**AIM OF THE EXERCISE:** Begin at the line below that holds "The photooxidation of" and end at the line that holds "El gran compartimento", transcribing each line exactly and skipping any picture.

**DATA FOR THIS TASK:**
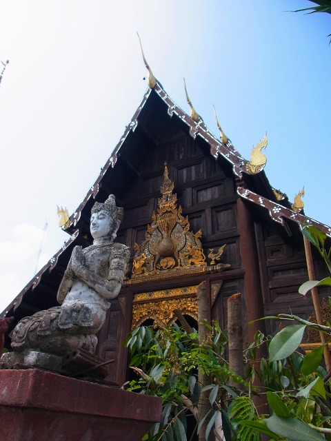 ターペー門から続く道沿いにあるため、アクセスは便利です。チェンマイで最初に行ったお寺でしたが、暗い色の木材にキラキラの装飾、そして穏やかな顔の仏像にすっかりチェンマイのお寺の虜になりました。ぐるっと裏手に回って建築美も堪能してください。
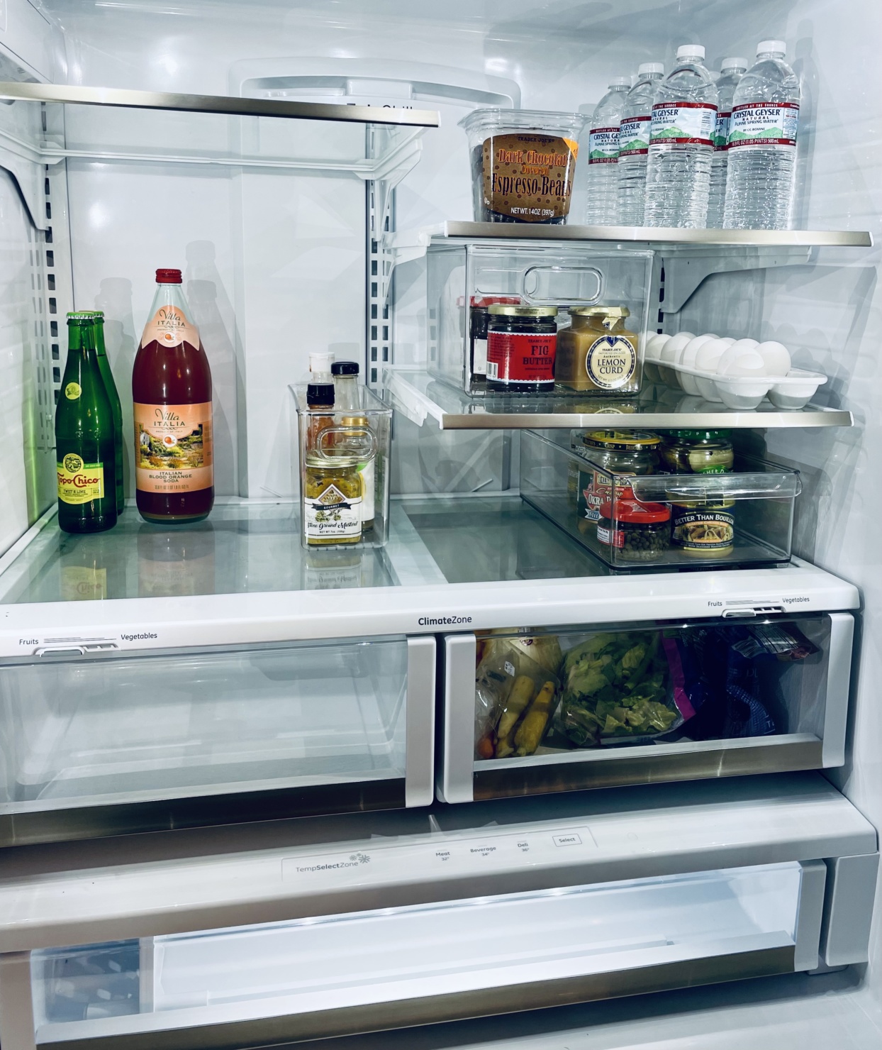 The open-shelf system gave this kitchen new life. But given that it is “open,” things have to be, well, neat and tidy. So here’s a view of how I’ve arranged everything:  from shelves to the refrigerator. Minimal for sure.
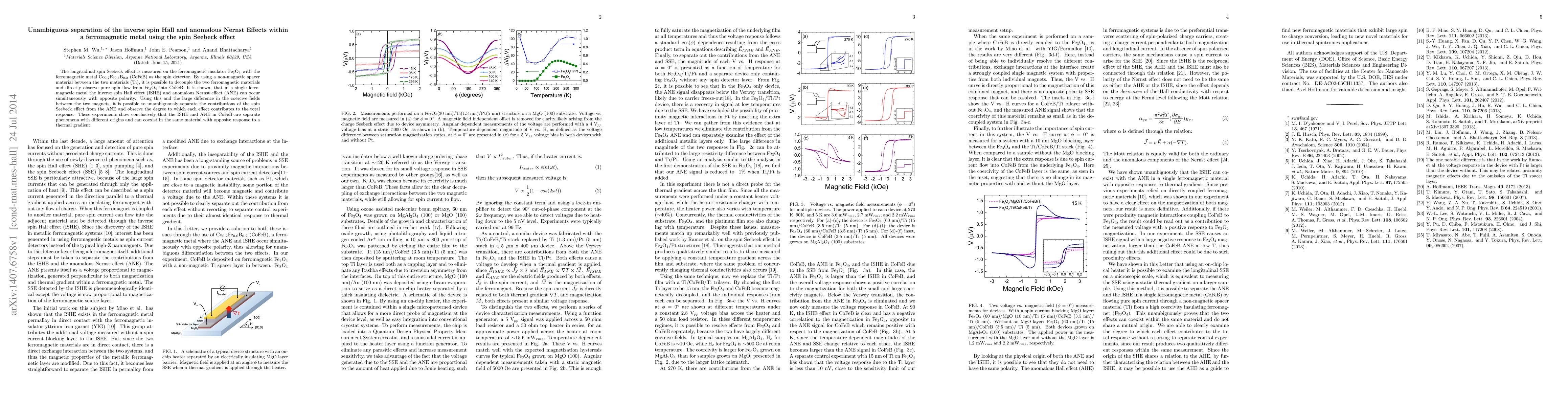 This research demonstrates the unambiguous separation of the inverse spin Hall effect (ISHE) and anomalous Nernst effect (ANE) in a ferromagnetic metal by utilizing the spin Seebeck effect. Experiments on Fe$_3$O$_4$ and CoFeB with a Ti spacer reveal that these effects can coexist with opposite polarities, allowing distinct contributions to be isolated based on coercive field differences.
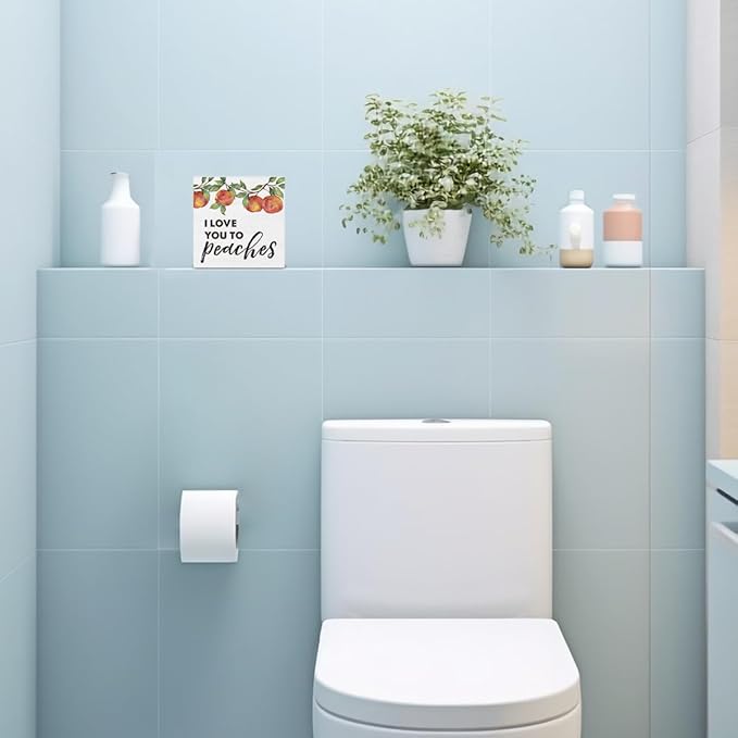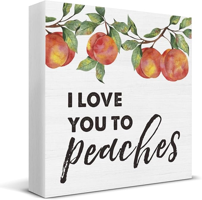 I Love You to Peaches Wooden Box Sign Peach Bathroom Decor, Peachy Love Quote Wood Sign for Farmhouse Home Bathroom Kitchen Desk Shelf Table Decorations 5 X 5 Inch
* * *
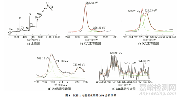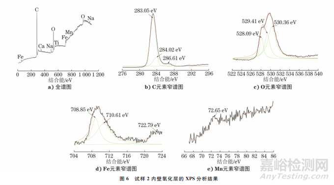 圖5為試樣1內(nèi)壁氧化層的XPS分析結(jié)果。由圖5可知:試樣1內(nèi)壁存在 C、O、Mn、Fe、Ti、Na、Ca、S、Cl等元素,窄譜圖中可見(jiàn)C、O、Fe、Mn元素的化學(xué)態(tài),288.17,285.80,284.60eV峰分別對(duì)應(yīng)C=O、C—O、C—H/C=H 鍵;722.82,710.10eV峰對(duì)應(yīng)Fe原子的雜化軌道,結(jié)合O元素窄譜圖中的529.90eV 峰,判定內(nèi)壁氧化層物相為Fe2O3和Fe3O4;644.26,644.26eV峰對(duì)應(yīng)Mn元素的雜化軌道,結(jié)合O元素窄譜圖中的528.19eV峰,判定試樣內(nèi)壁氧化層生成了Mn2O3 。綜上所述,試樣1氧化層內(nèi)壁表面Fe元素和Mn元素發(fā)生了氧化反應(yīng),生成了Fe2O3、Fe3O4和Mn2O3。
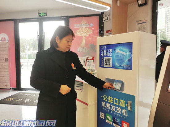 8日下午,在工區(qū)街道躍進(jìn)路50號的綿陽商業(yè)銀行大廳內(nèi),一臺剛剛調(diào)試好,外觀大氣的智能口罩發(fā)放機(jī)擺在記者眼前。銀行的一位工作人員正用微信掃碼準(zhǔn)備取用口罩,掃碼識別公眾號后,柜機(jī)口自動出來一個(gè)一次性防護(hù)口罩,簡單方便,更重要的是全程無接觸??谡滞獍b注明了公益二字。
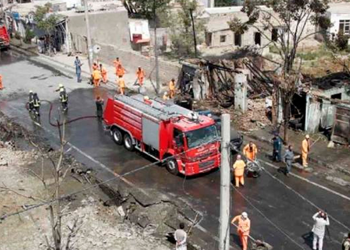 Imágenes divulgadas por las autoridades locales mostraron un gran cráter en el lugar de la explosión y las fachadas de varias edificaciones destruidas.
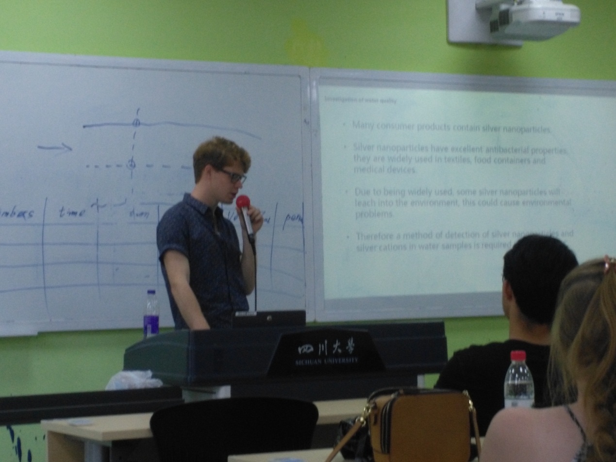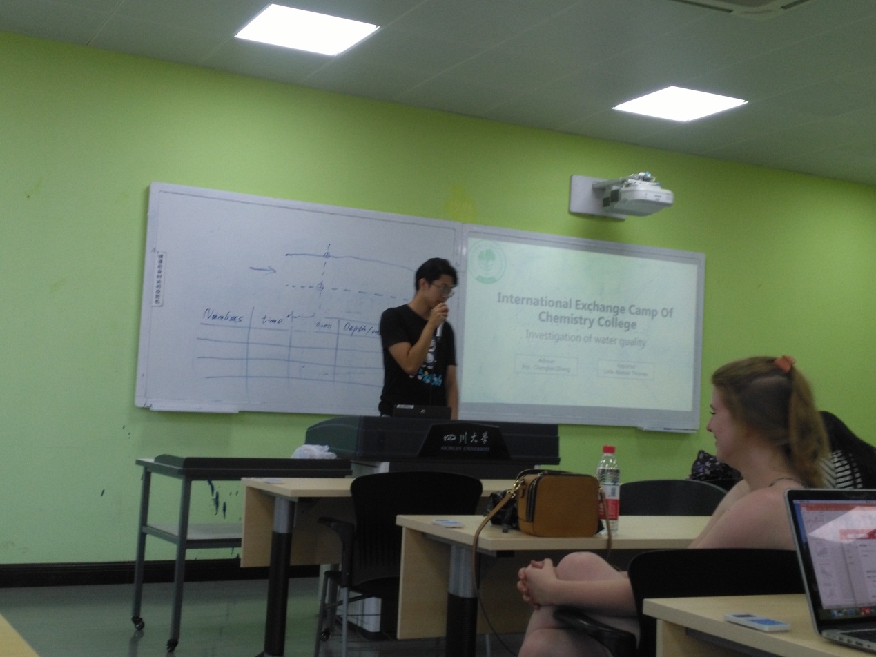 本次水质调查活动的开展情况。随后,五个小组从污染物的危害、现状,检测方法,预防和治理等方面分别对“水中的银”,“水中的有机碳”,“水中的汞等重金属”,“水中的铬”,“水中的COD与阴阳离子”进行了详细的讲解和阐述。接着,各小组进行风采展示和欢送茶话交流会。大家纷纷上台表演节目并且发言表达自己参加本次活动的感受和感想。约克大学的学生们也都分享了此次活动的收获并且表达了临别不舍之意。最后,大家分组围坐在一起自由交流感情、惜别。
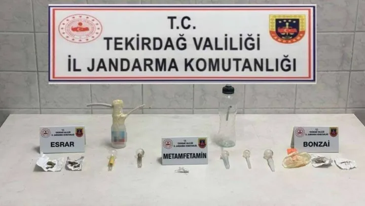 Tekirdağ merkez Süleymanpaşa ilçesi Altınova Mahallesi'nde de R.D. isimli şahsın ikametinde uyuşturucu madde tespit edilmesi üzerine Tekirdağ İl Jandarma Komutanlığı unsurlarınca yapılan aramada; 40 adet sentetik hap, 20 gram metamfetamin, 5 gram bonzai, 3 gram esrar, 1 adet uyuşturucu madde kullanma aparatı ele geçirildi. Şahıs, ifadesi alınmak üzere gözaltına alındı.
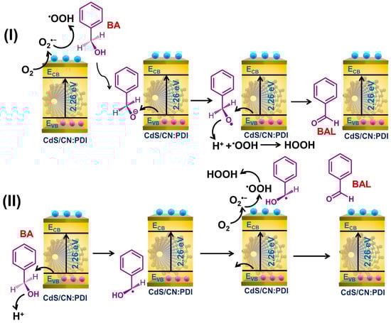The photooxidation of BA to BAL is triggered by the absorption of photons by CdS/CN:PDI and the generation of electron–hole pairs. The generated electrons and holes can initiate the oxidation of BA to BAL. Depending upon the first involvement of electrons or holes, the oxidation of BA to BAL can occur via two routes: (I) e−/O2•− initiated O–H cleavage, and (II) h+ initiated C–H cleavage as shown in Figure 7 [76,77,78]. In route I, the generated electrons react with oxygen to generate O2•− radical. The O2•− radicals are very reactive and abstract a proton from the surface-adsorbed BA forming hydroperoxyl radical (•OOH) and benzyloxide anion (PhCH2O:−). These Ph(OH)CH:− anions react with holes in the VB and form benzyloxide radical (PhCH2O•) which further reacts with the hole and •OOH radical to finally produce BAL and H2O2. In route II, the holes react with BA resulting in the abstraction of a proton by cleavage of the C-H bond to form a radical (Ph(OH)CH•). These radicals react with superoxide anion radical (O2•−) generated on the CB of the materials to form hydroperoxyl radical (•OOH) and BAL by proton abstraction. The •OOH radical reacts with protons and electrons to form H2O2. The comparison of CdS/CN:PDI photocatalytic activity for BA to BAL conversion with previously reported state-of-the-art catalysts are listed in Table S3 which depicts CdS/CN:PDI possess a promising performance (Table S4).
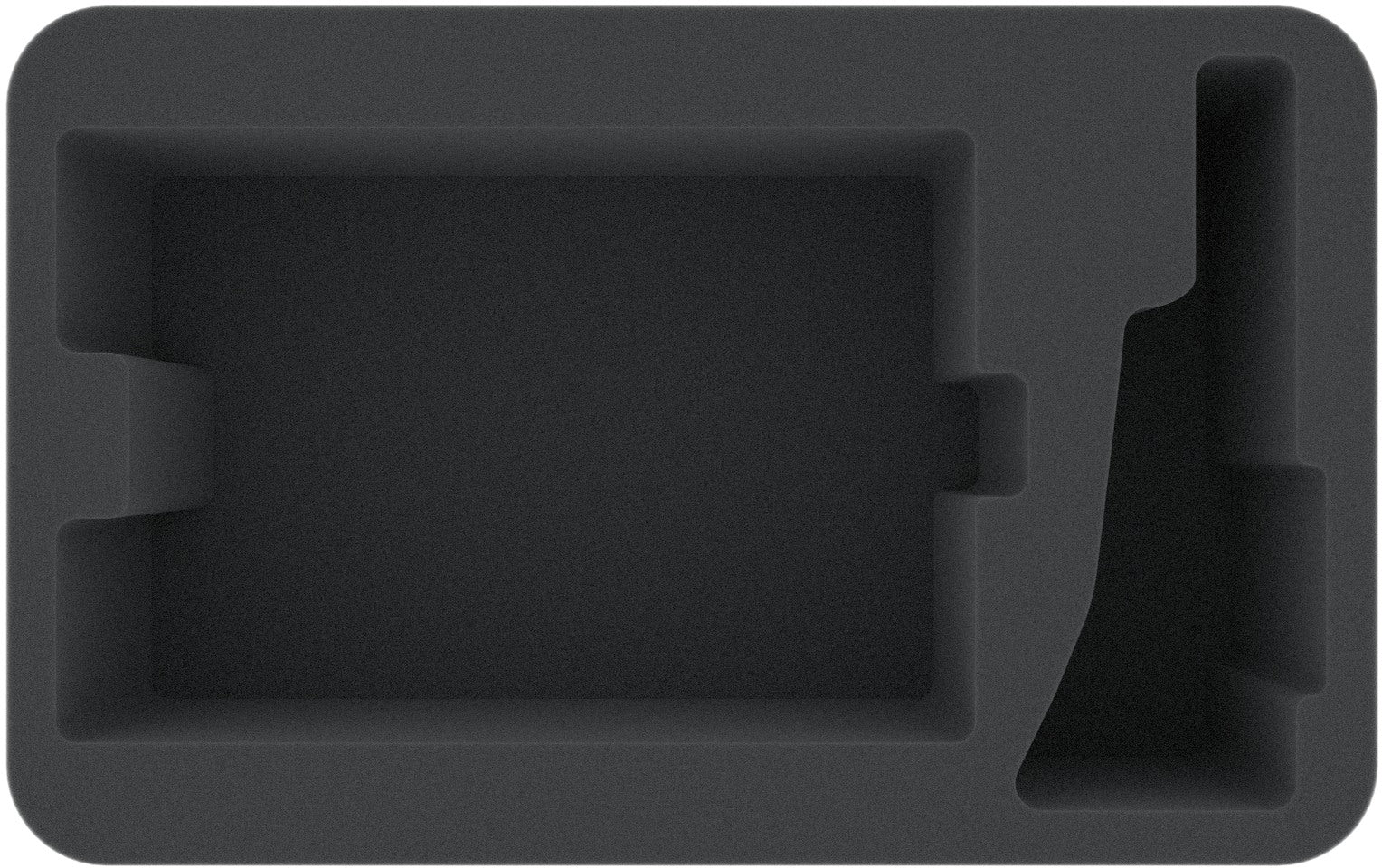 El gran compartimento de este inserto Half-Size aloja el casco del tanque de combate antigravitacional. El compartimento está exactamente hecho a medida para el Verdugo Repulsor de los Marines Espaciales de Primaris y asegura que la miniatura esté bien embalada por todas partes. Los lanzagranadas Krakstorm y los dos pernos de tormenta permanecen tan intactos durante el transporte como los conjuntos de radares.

**COMPLETED EXERCISE:**
The photooxidation of BA to BAL is triggered by the absorption of photons by CdS/CN:PDI and the generation of electron–hole pairs. The generated electrons and holes can initiate the oxidation of BA to BAL. Depending upon the first involvement of electrons or holes, the oxidation of BA to BAL can occur via two routes: (I) e−/O2•− initiated O–H cleavage, and (II) h+ initiated C–H cleavage as shown in Figure 7 [76,77,78]. In route I, the generated electrons react with oxygen to generate O2•− radical. The O2•− radicals are very reactive and abstract a proton from the surface-adsorbed BA forming hydroperoxyl radical (•OOH) and benzyloxide anion (PhCH2O:−). These Ph(OH)CH:− anions react with holes in the VB and form benzyloxide radical (PhCH2O•) which further reacts with the hole and •OOH radical to finally produce BAL and H2O2. In route II, the holes react with BA resulting in the abstraction of a proton by cleavage of the C-H bond to form a radical (Ph(OH)CH•). These radicals react with superoxide anion radical (O2•−) generated on the CB of the materials to form hydroperoxyl radical (•OOH) and BAL by proton abstraction. The •OOH radical reacts with protons and electrons to form H2O2. The comparison of CdS/CN:PDI photocatalytic activity for BA to BAL conversion with previously reported state-of-the-art catalysts are listed in Table S3 which depicts CdS/CN:PDI possess a promising performance (Table S4).
 El gran compartimento de este inserto Half-Size aloja el casco del tanque de combate antigravitacional. El compartimento está exactamente hecho a medida para el Verdugo Repulsor de los Marines Espaciales de Primaris y asegura que la miniatura esté bien embalada por todas partes. Los lanzagranadas Krakstorm y los dos pernos de tormenta permanecen tan intactos durante el transporte como los conjuntos de radares.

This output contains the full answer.